Your task:
Would you please repeat, word for word, only the lines from the one holding "For fabulous frolics, these" through the one holding "Moor Anchors Hawaiian Shirt - In Steel Grey" in the material below, without the pictures?

Data shown:
# # # #
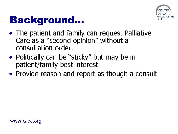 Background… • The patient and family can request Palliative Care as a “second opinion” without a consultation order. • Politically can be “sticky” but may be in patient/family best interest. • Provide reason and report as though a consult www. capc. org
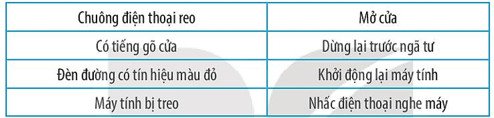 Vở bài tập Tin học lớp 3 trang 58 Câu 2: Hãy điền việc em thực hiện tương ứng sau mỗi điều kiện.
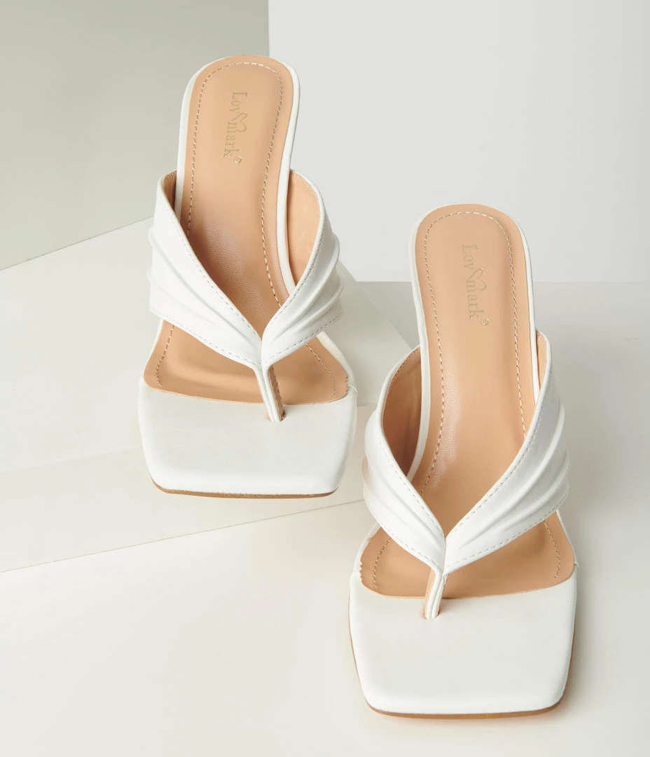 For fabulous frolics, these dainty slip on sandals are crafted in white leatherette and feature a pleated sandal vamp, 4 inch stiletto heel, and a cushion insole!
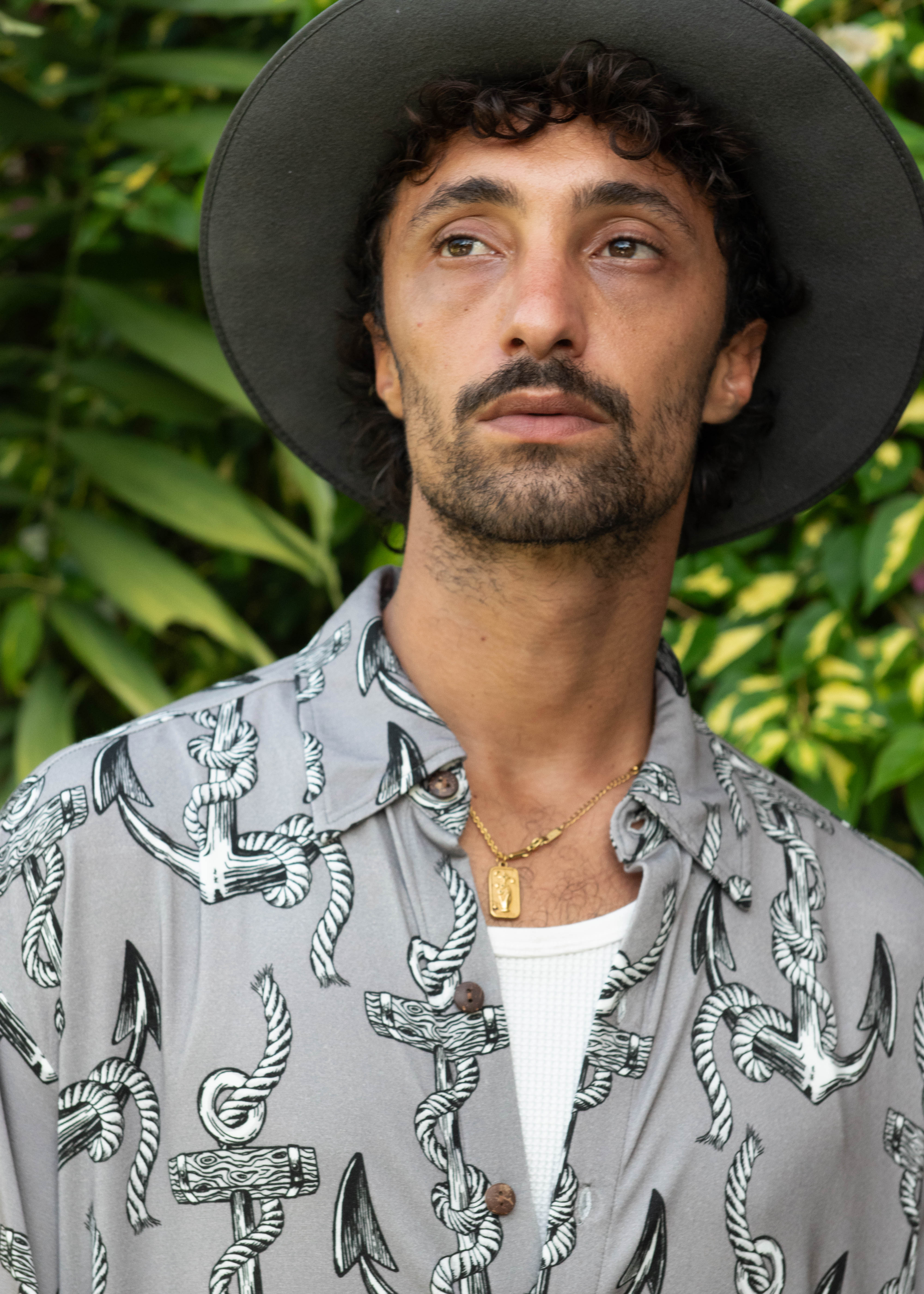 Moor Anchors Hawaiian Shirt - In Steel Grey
# # # #
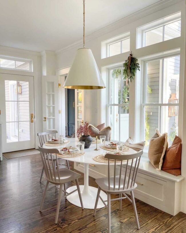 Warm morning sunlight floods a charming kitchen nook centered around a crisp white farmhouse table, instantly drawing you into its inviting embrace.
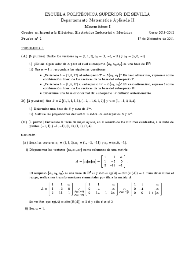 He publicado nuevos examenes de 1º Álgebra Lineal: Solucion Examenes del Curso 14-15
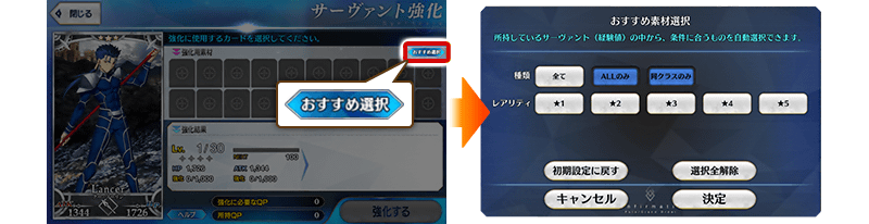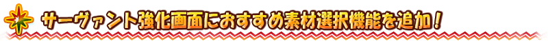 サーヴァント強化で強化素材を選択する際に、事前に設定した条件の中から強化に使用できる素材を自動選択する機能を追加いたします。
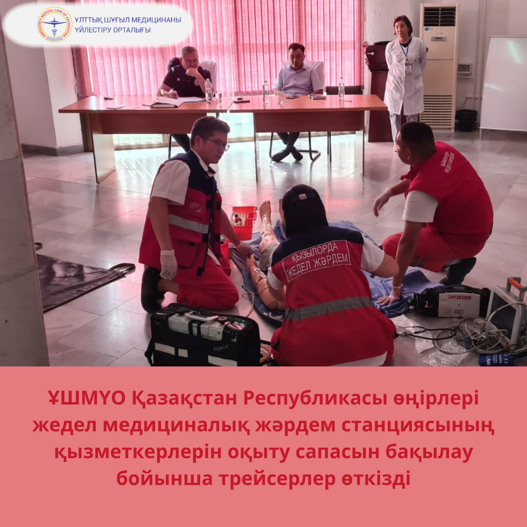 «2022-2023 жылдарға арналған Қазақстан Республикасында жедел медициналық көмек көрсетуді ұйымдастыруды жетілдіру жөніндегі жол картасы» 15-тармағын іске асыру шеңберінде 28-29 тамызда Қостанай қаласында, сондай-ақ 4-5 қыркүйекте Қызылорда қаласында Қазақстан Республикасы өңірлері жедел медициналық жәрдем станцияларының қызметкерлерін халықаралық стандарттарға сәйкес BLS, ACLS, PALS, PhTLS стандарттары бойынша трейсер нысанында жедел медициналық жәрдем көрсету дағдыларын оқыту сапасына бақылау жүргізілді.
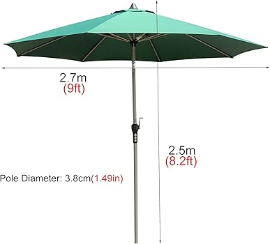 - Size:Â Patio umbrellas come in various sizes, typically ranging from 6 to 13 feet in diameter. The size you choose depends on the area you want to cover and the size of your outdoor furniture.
# # # #
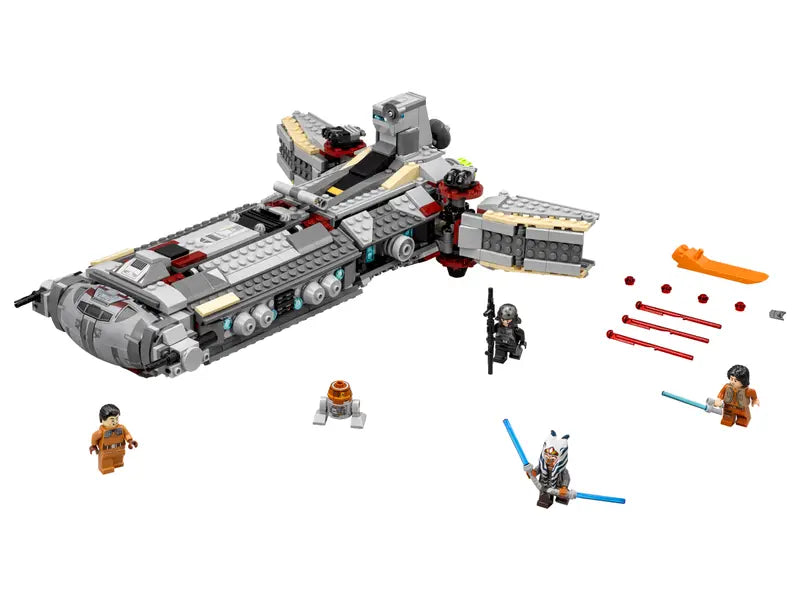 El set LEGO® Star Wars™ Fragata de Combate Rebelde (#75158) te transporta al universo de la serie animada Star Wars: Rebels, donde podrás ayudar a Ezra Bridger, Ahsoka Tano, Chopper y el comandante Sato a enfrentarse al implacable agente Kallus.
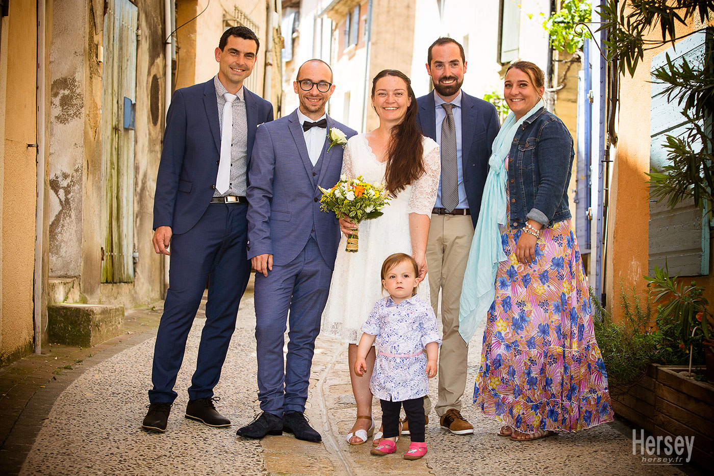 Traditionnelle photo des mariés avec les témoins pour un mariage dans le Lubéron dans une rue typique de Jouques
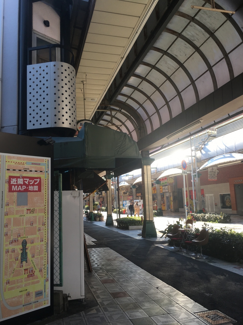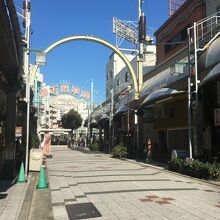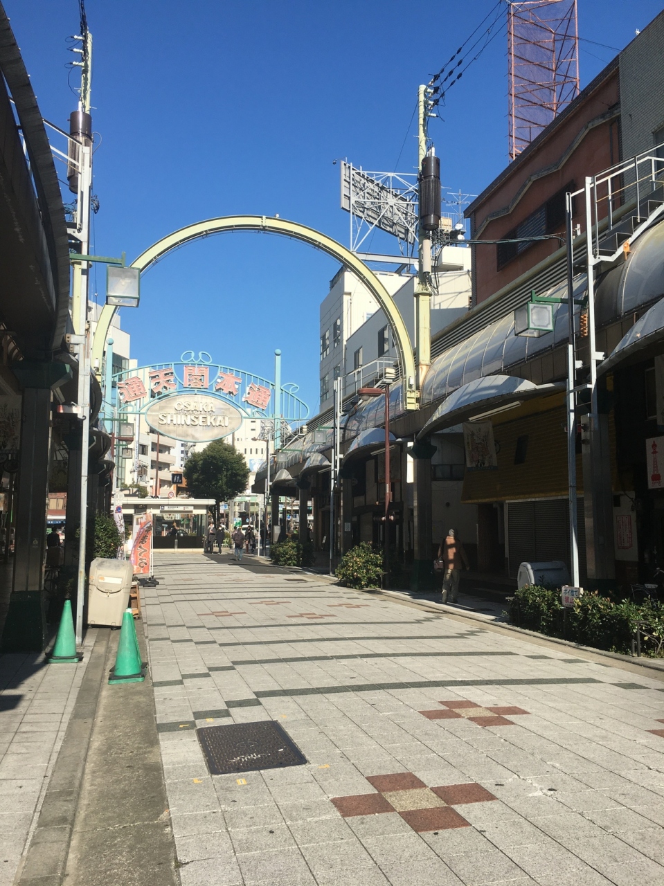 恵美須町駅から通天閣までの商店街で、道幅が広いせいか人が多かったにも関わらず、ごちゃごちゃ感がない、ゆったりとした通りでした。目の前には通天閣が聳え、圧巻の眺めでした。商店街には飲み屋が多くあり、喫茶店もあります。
# # # #
Solution:
 For fabulous frolics, these dainty slip on sandals are crafted in white leatherette and feature a pleated sandal vamp, 4 inch stiletto heel, and a cushion insole!
 Moor Anchors Hawaiian Shirt - In Steel Grey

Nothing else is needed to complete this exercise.